Globally Lipschitz condition

Question

Show that the function $f(x)=\frac1{1+x^2}$ satisfies a global Lipschitz condition on $\mathbb R$.

By the definition we want to whow that $|f(x)-f(y)|\leqslant L|x-y|$. Here is my work so far. $$\left|\frac1{1+x^2}-\frac1{1+y^2}\right|=\left|\frac{y^2-x^2}{(1+y^2)(1+x^2)}\right|\leqslant L|x-y|$$ $$\implies\left|\frac{y+x}{(1+y^2)(1+x^2)}\right|\leqslant L.$$ It appears to be bounded, since the denominator becomes much larger than the numerator for large values of $x$ and $y$. Is this good enough or can I find a value for $L$? Also, is it also the same as showing that $f'(x)$ is globally bounded?

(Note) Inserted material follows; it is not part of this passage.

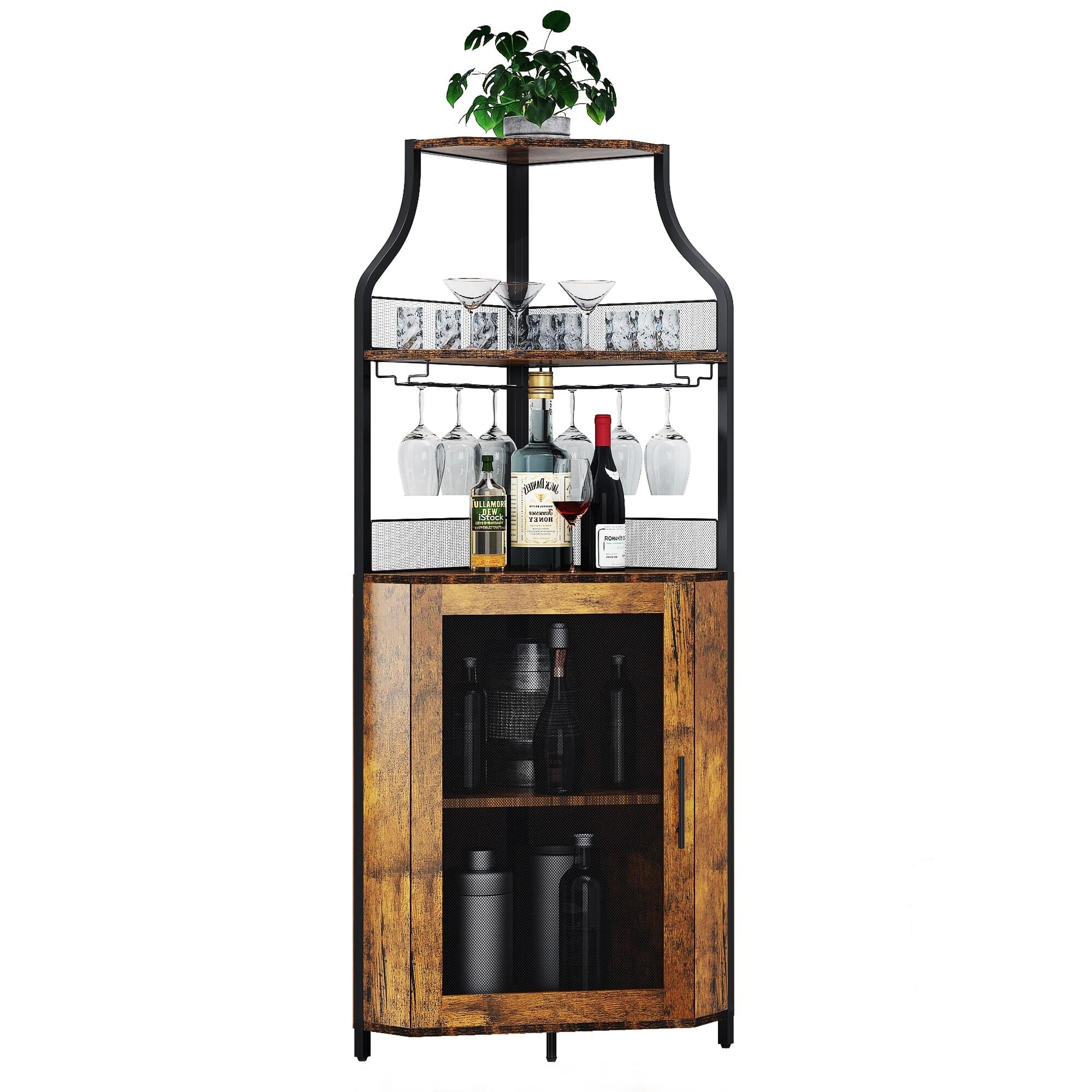 Corner Bar Cabinet - 61" Wine Bar Cabinet and Glass Holder 5-Tiers Storage

Thank you in advance for any help or constructive criticism. I am forever grateful.

Answer 1

An easier way is: $|f'(x)|=\left|\frac{2x}{(1+x^2)^2}\right|\leq 1$. By a theorem (I don't know the english name of this theorem, but if someone else can translate, in french is "théorème des accroissements finis") you have that $\forall x,y\in\mathbb R, |f(x)-f(y)|\leq |f'(c_{xy})||x-y|\leq |x-y|$ for a certain $c_{x,y}\in\mathbb R$.

Answer 2

$$\left| \frac{x+y}{(1+x^2)(1+y^2)}\right|=\frac{|x+y|}{(1+x^2)(1+y^2)}$$

By triangle inequality:

$$\frac{|x+y|}{(1+x^2)(1+y^2)} \leq \frac{|x|}{(1+x^2)(1+y^2)}+\frac{|y|}{(1+x^2)(1+y^2)}$$

Now $x^2+1 \geq 1$, so:

$$ \frac{|x|}{(1+x^2)(1+y^2)} \leq \frac{|x|}{1+x^2}$$

Next $\displaystyle \frac{|x|}{1+x^2} \leq 2$ be AM-GM inequality. The same with $\displaystyle \frac{|y|}{(1+x^2)(1+y^2)}$, so finally:

$$\left| \frac{x+y}{(1+x^2)(1+y^2)}\right| \leq 4$$